Output the data below only from the line containing "ЧИАНГ РАЙ —" up to and including the line containing "A close-up, tilted", exact and with the pictures left out.

----- Data -----

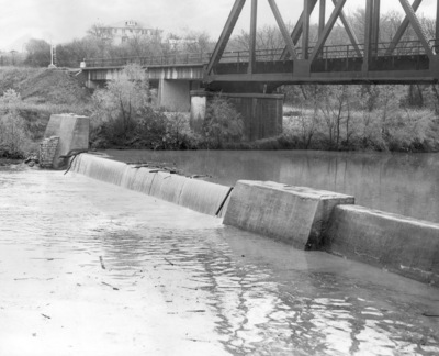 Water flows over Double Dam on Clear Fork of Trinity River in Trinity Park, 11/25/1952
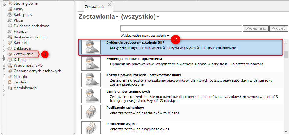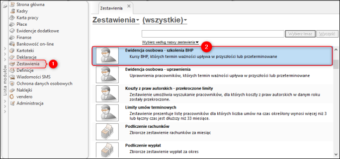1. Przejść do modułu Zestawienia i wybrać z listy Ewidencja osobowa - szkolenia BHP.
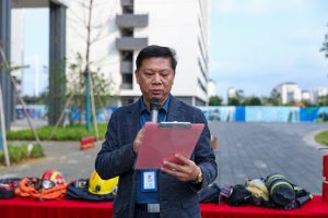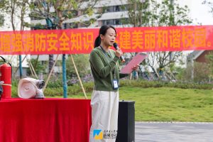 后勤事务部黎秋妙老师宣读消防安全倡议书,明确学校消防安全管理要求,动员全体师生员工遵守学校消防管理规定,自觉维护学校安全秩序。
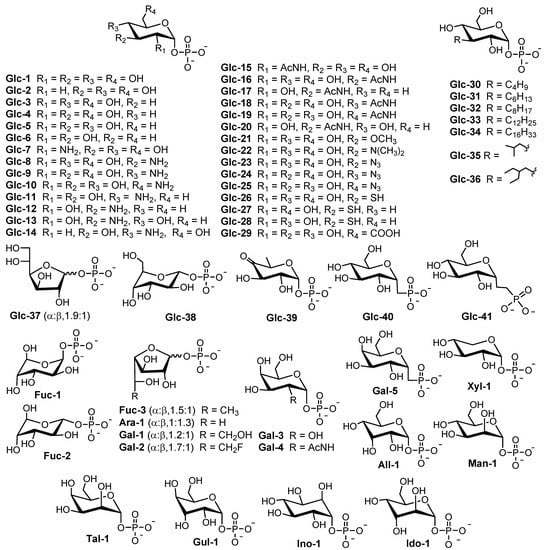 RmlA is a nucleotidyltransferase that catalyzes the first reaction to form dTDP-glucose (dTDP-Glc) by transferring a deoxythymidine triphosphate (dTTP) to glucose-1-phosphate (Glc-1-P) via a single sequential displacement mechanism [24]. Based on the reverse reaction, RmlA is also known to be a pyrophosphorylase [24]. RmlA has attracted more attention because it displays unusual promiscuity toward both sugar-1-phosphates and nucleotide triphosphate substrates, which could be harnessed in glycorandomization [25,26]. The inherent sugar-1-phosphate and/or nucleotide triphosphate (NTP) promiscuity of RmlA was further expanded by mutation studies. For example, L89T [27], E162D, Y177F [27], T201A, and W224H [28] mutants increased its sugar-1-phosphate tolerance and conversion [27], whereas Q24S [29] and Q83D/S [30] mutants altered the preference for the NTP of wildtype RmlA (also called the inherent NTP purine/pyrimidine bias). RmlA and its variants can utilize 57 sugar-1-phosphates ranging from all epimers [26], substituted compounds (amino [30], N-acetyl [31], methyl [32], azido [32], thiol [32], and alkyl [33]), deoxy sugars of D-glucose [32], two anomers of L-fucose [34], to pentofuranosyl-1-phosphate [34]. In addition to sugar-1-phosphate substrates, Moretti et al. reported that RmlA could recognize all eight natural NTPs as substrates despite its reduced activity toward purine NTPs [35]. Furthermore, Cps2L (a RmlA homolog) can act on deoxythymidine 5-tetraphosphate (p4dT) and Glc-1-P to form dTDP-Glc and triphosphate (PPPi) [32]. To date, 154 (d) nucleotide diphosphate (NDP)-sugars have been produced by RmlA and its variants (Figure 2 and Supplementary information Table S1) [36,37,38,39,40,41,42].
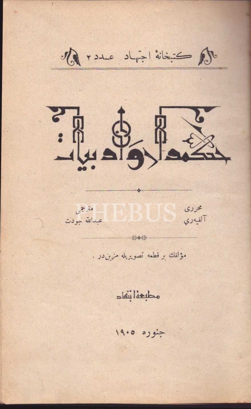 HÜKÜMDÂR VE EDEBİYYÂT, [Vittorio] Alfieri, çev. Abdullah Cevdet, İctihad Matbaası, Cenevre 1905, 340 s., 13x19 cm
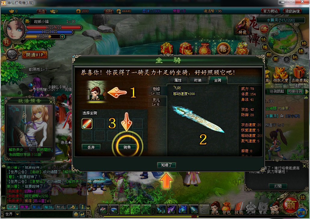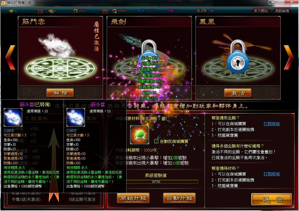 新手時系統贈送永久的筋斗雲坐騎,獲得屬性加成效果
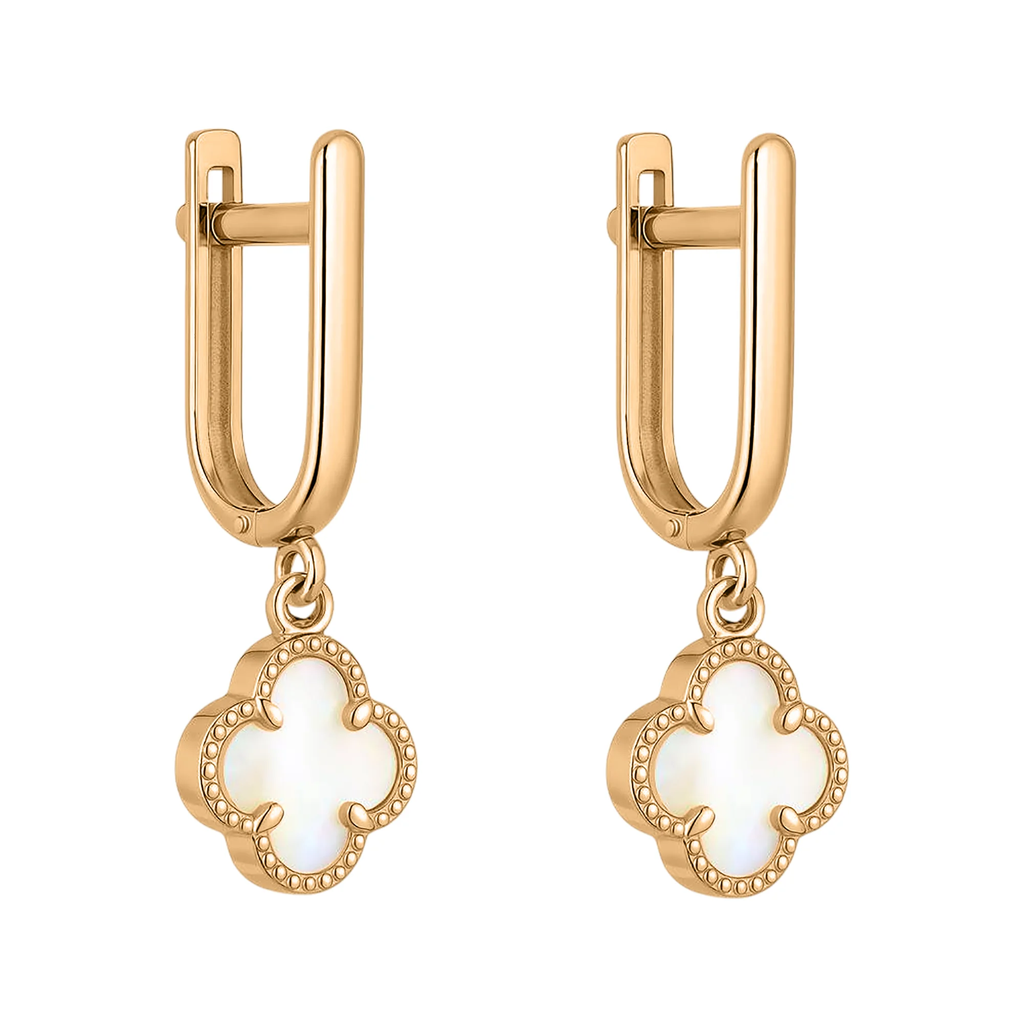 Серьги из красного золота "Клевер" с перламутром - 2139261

-----
----- Data -----

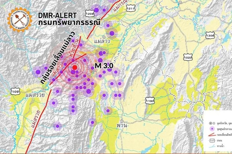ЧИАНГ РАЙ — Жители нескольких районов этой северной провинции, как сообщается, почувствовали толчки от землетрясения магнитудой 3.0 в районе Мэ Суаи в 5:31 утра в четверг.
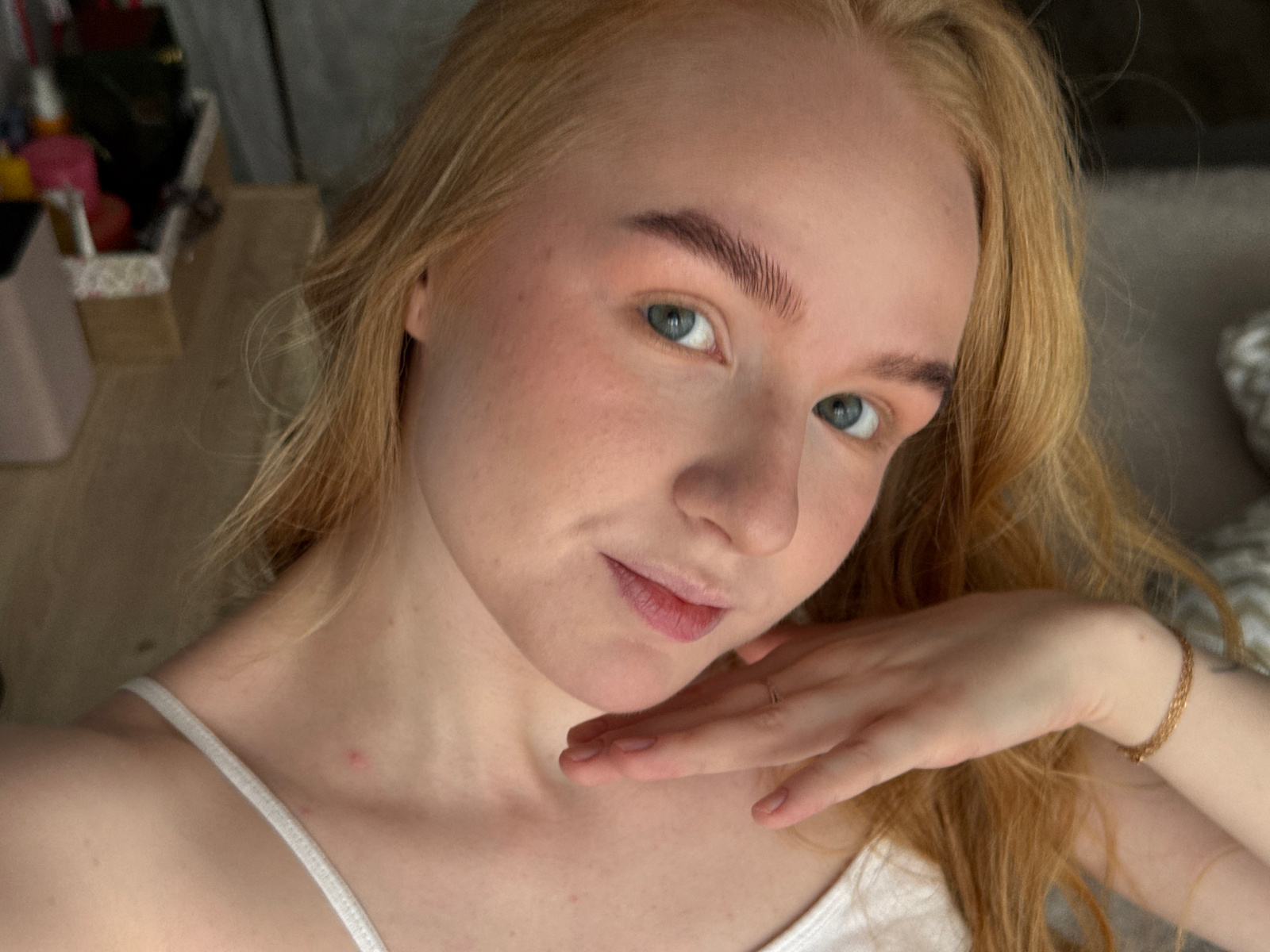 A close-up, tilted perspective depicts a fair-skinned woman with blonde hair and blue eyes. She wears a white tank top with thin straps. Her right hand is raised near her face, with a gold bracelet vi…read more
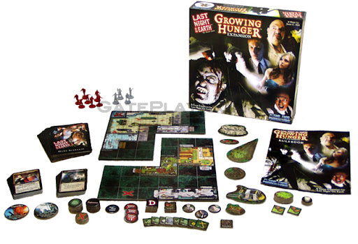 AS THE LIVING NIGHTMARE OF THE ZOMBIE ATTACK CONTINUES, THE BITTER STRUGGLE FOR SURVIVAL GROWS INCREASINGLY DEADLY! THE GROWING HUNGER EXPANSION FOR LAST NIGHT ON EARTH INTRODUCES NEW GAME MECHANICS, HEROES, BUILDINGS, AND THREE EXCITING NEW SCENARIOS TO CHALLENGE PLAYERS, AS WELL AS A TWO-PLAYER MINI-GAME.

-----

| Answer to this problem |
ЧИАНГ РАЙ — Жители нескольких районов этой северной провинции, как сообщается, почувствовали толчки от землетрясения магнитудой 3.0 в районе Мэ Суаи в 5:31 утра в четверг.
 A close-up, tilted perspective depicts a fair-skinned woman with blonde hair and blue eyes. She wears a white tank top with thin straps. Her right hand is raised near her face, with a gold bracelet vi…read more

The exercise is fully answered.